- _Data to process_:
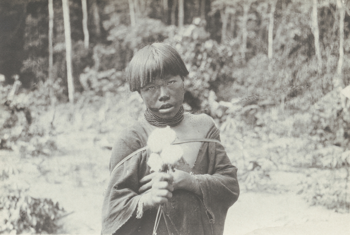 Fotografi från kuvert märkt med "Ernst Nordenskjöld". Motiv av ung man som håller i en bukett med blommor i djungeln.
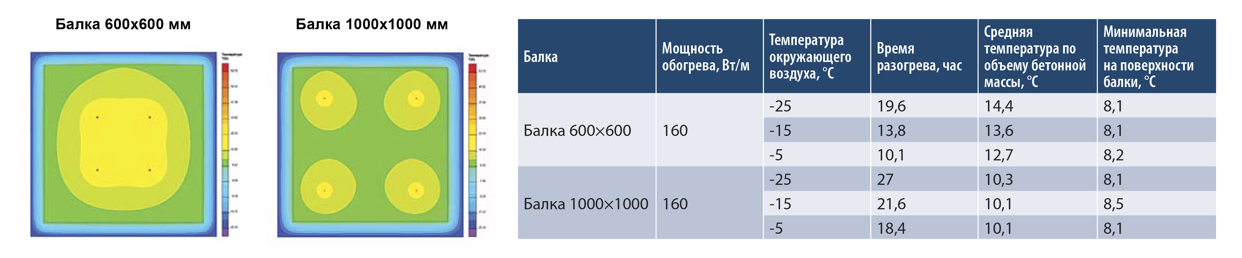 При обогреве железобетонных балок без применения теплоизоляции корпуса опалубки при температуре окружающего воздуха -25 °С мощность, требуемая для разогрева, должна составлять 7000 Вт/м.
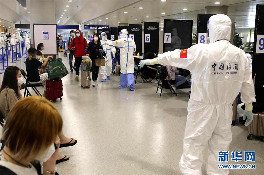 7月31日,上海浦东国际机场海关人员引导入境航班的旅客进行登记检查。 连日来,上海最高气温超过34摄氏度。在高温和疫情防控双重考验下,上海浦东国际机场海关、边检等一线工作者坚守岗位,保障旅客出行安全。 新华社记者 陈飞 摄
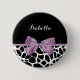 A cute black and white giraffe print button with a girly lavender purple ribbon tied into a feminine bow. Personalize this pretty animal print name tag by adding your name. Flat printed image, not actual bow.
...
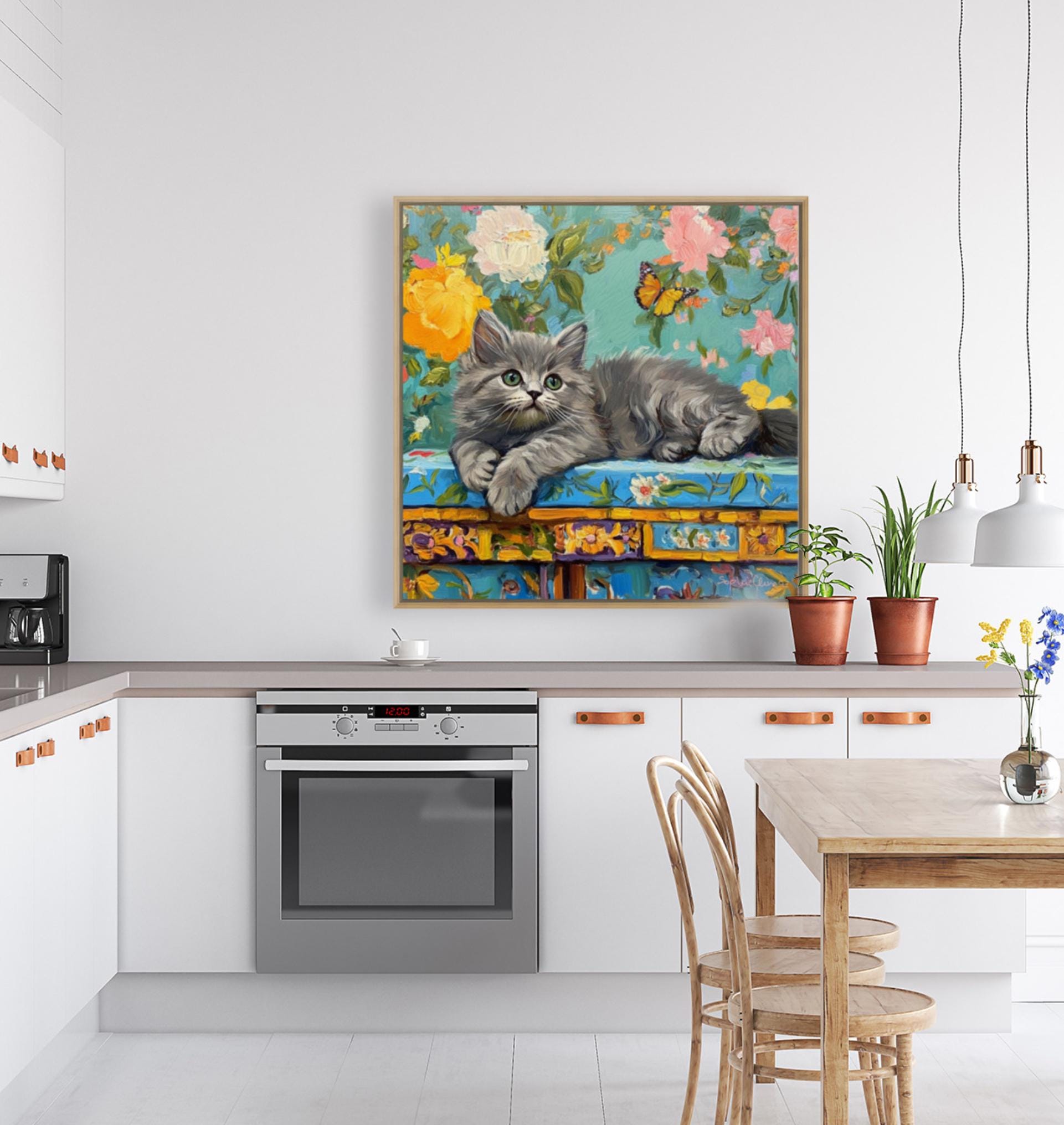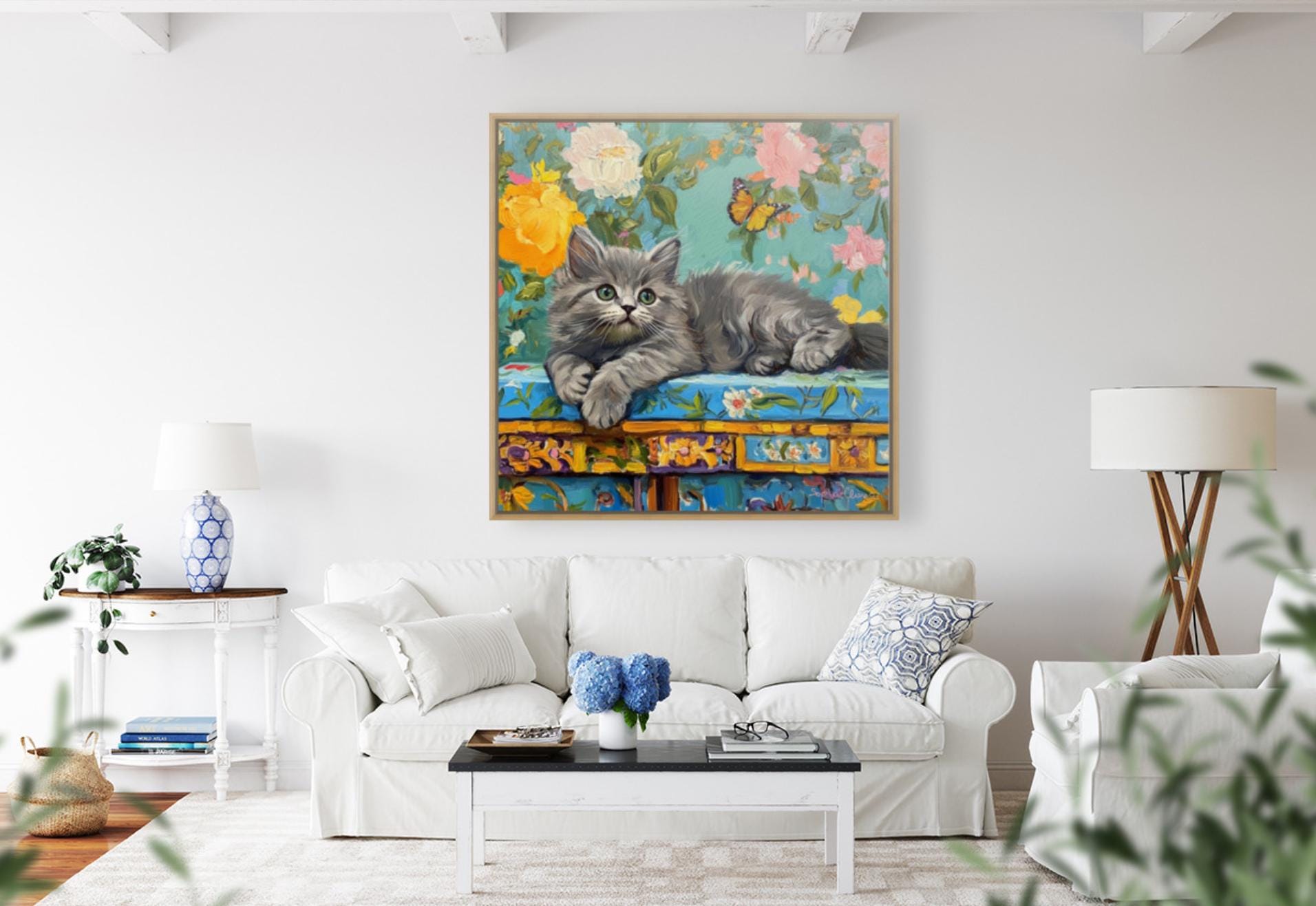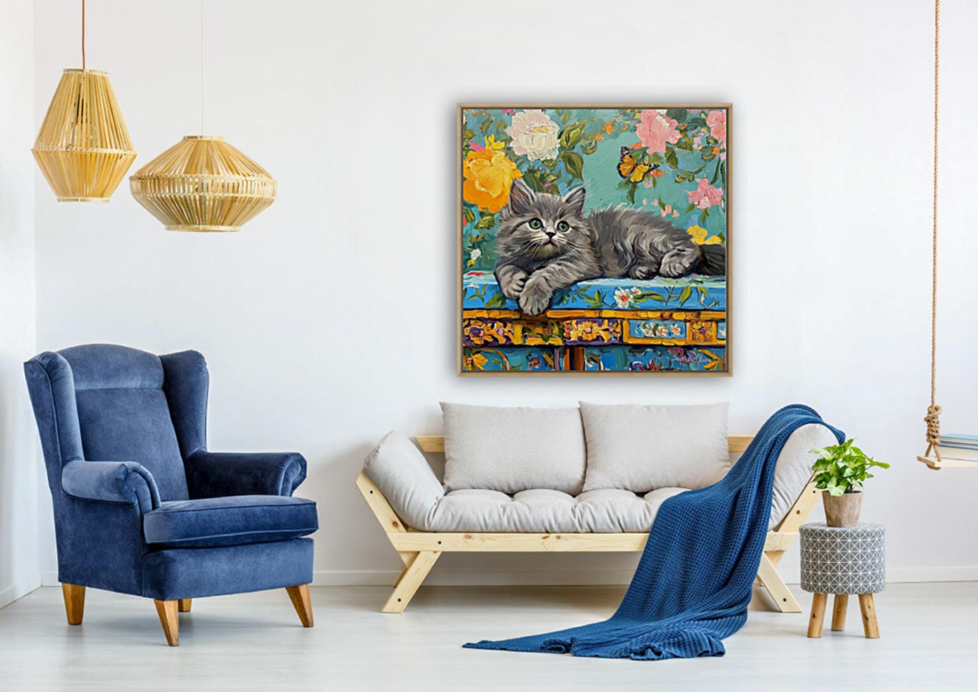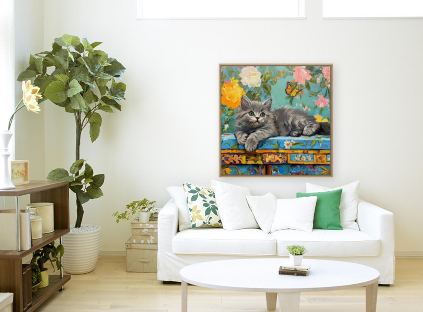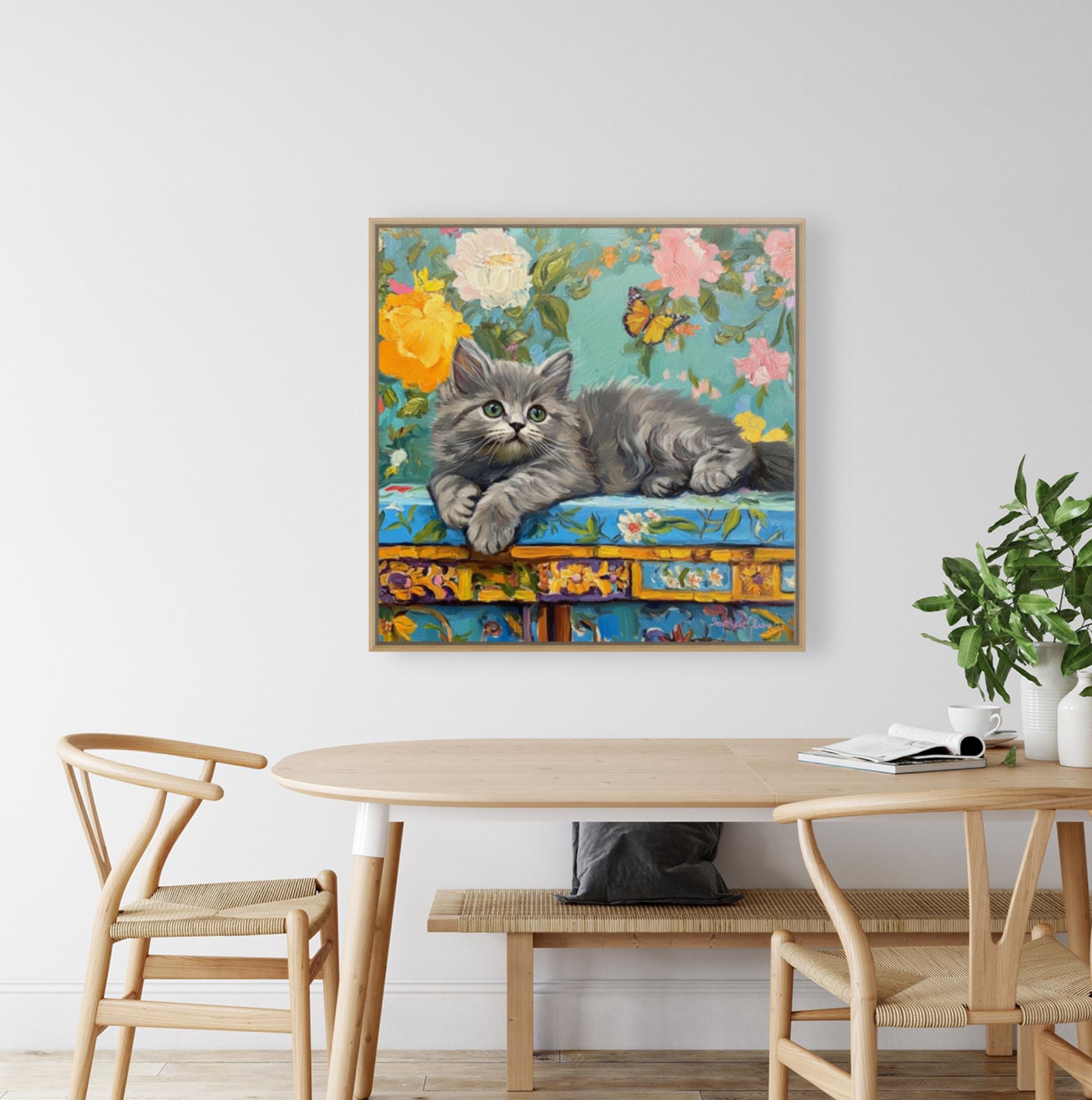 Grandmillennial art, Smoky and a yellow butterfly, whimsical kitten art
--
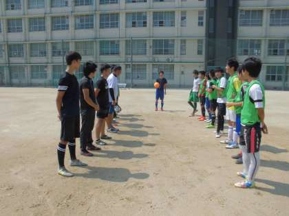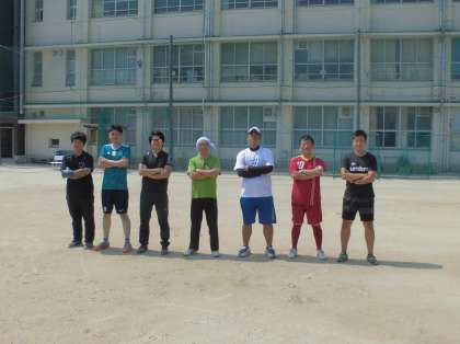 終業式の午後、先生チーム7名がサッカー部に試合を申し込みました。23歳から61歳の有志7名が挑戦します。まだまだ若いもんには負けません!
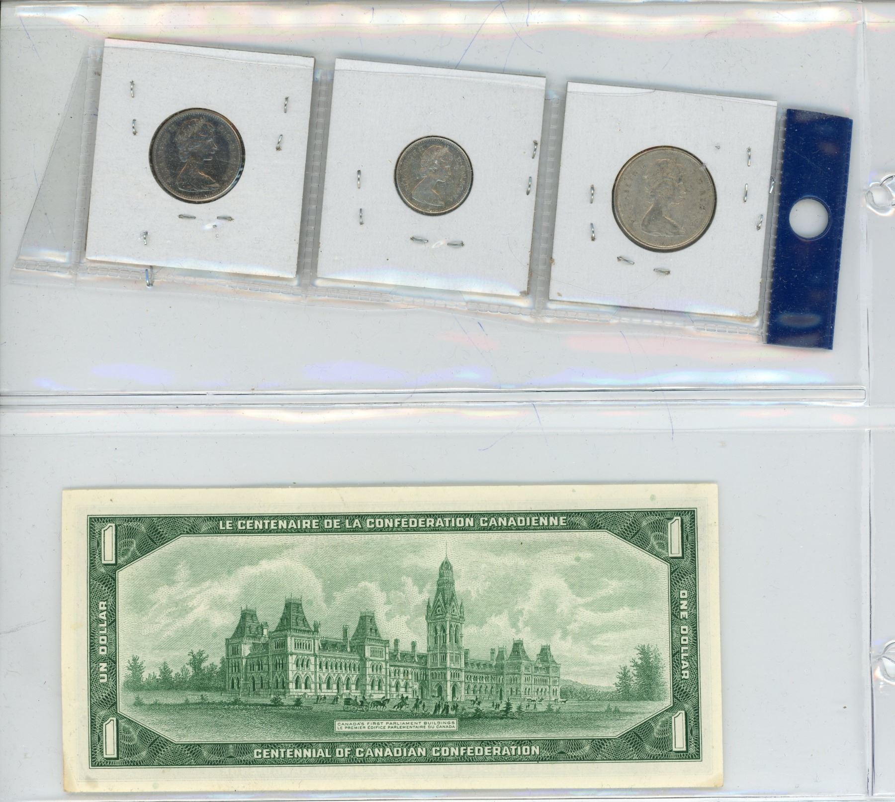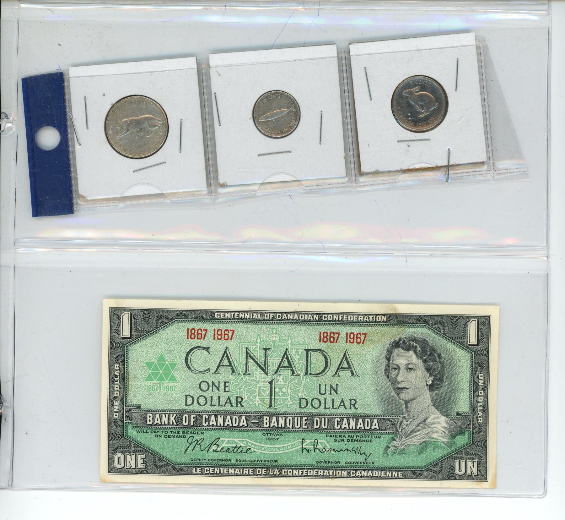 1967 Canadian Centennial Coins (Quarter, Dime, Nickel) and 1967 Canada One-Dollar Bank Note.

- _Activity_: Every line above from the one with "При обогреве железобетонных" down to the one with "A cute black" must be written out exactly, and no picture may appear.

- _Answer box_:
 При обогреве железобетонных балок без применения теплоизоляции корпуса опалубки при температуре окружающего воздуха -25 °С мощность, требуемая для разогрева, должна составлять 7000 Вт/м.
 7月31日,上海浦东国际机场海关人员引导入境航班的旅客进行登记检查。 连日来,上海最高气温超过34摄氏度。在高温和疫情防控双重考验下,上海浦东国际机场海关、边检等一线工作者坚守岗位,保障旅客出行安全。 新华社记者 陈飞 摄
 A cute black and white giraffe print button with a girly lavender purple ribbon tied into a feminine bow. Personalize this pretty animal print name tag by adding your name. Flat printed image, not actual bow.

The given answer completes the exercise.